Every line below from the one containing "华宏科技(9.98%)、飞鹿" through the one containing "The surrounding park" is to be printed exactly, with the pictures omitted.

→ MATERIAL PROVIDED
*** Begin section ***
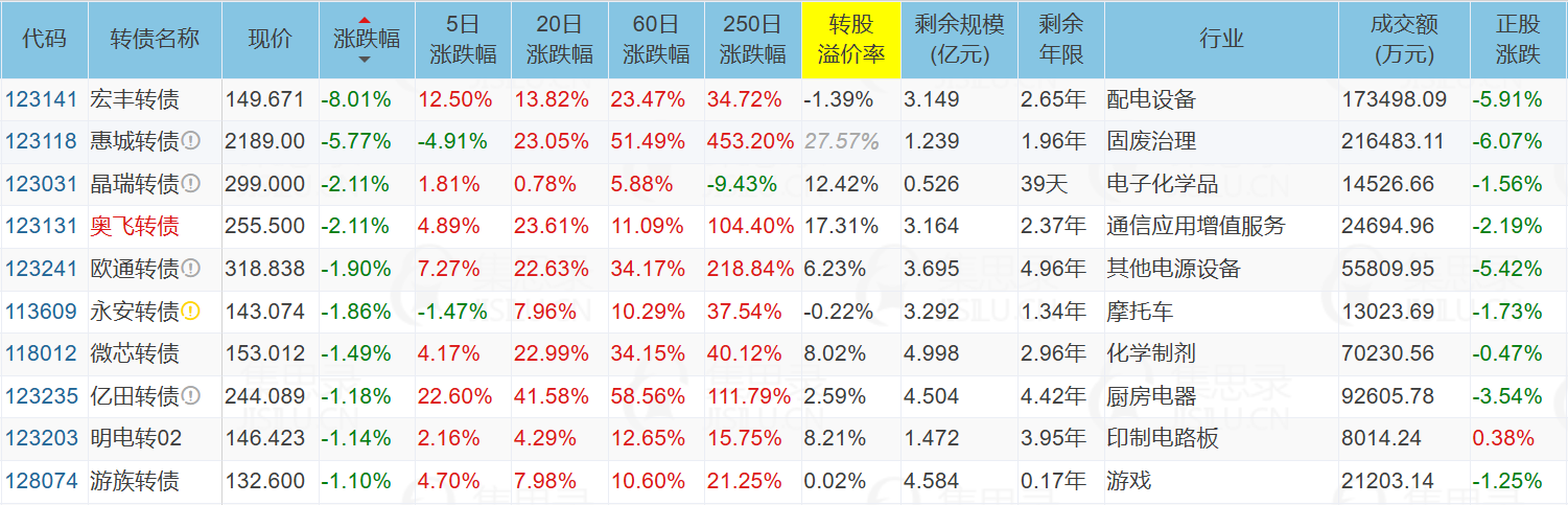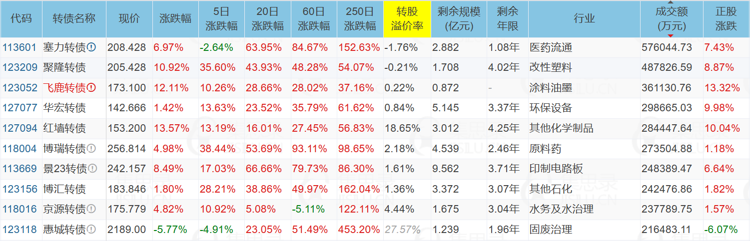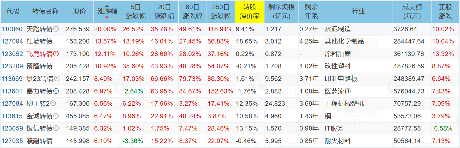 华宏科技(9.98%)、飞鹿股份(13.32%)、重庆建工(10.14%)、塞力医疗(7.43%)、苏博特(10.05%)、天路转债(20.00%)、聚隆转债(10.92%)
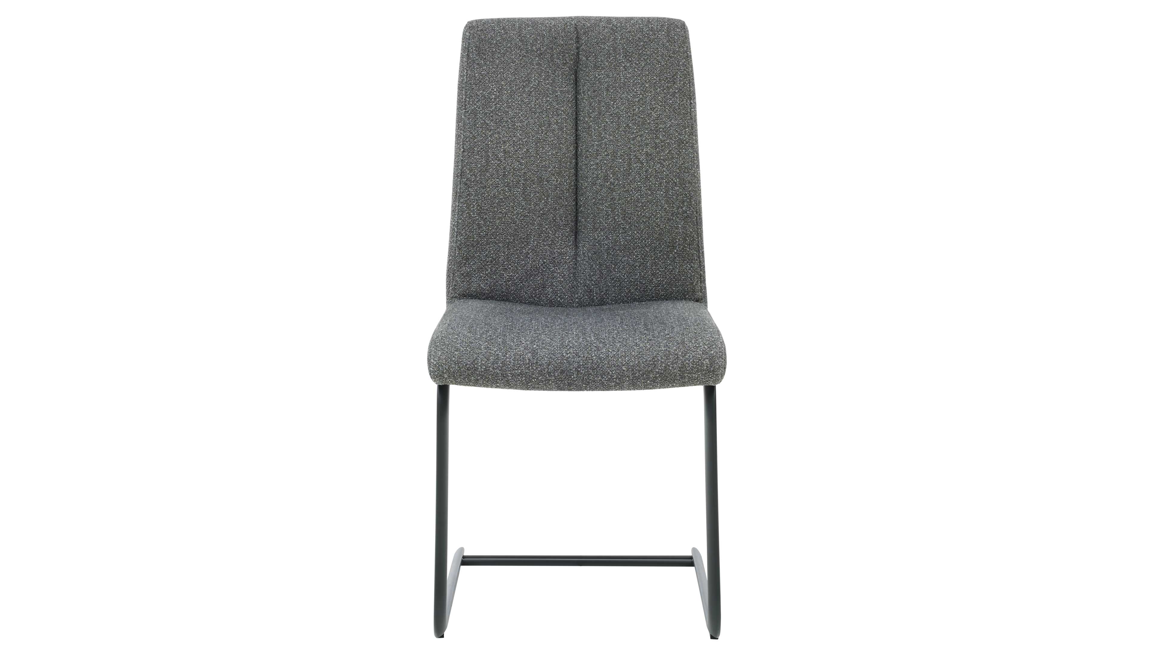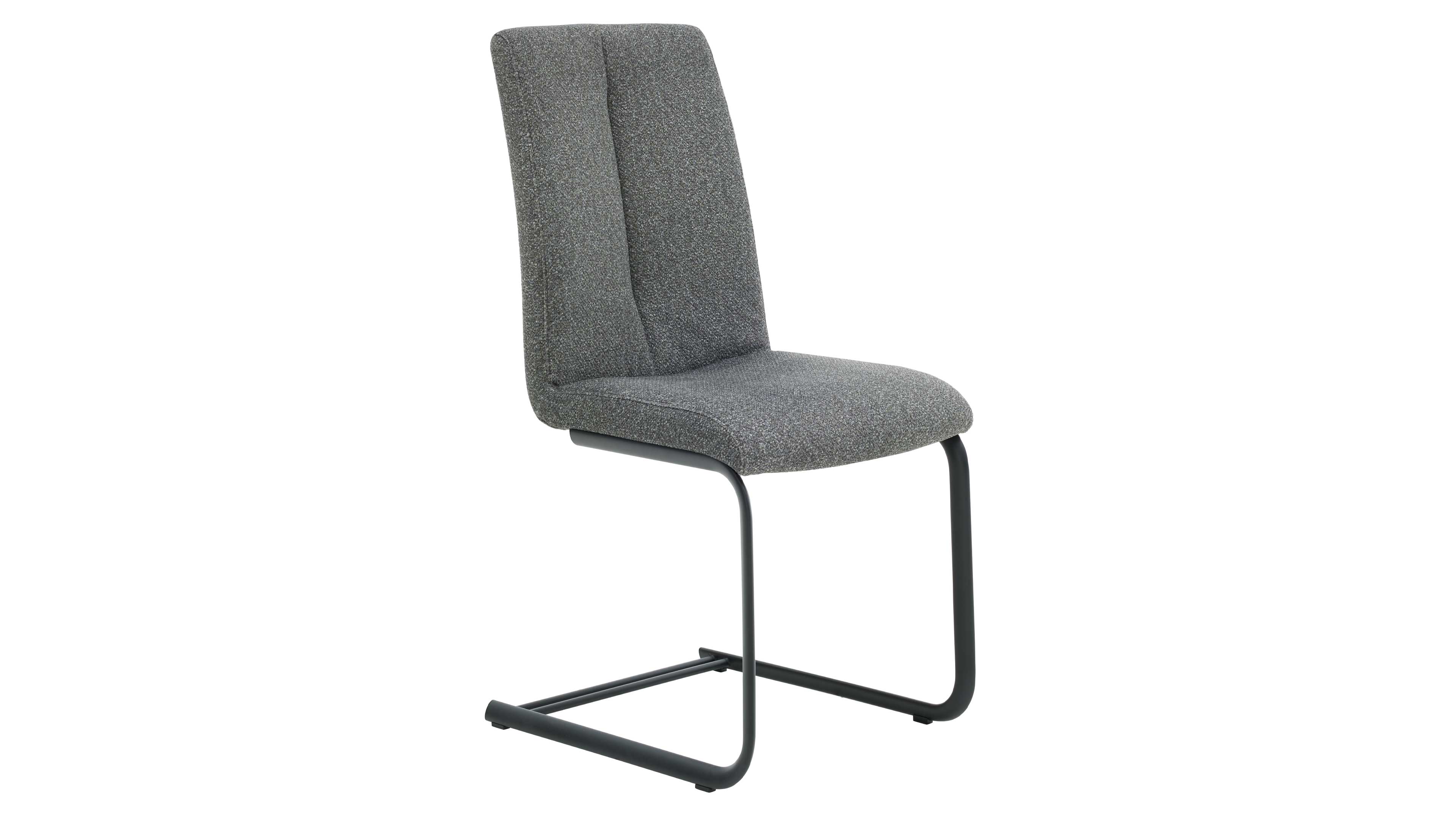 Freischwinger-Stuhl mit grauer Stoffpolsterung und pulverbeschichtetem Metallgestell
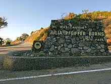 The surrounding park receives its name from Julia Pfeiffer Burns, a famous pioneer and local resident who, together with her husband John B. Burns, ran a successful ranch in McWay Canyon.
*** End section ***
*** Begin section ***
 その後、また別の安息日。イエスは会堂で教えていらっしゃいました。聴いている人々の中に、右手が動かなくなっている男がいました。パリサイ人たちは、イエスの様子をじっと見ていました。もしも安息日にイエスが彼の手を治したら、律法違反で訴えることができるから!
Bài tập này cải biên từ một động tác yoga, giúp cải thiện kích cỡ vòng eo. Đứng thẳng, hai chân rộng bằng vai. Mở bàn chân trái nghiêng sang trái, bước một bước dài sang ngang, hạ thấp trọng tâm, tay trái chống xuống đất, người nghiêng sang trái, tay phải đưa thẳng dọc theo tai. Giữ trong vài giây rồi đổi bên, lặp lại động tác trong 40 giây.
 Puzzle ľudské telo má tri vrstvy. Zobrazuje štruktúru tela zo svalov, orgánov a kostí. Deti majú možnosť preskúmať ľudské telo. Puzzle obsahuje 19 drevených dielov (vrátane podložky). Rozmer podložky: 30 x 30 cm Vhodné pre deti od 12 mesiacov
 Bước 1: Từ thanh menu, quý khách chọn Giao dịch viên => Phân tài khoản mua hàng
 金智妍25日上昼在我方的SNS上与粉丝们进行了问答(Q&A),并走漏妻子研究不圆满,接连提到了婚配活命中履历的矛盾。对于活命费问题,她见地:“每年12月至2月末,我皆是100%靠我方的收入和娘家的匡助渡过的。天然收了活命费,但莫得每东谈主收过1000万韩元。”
*** End section ***
→ COMPLETED EXERCISE
 华宏科技(9.98%)、飞鹿股份(13.32%)、重庆建工(10.14%)、塞力医疗(7.43%)、苏博特(10.05%)、天路转债(20.00%)、聚隆转债(10.92%)
 Freischwinger-Stuhl mit grauer Stoffpolsterung und pulverbeschichtetem Metallgestell
 The surrounding park receives its name from Julia Pfeiffer Burns, a famous pioneer and local resident who, together with her husband John B. Burns, ran a successful ranch in McWay Canyon.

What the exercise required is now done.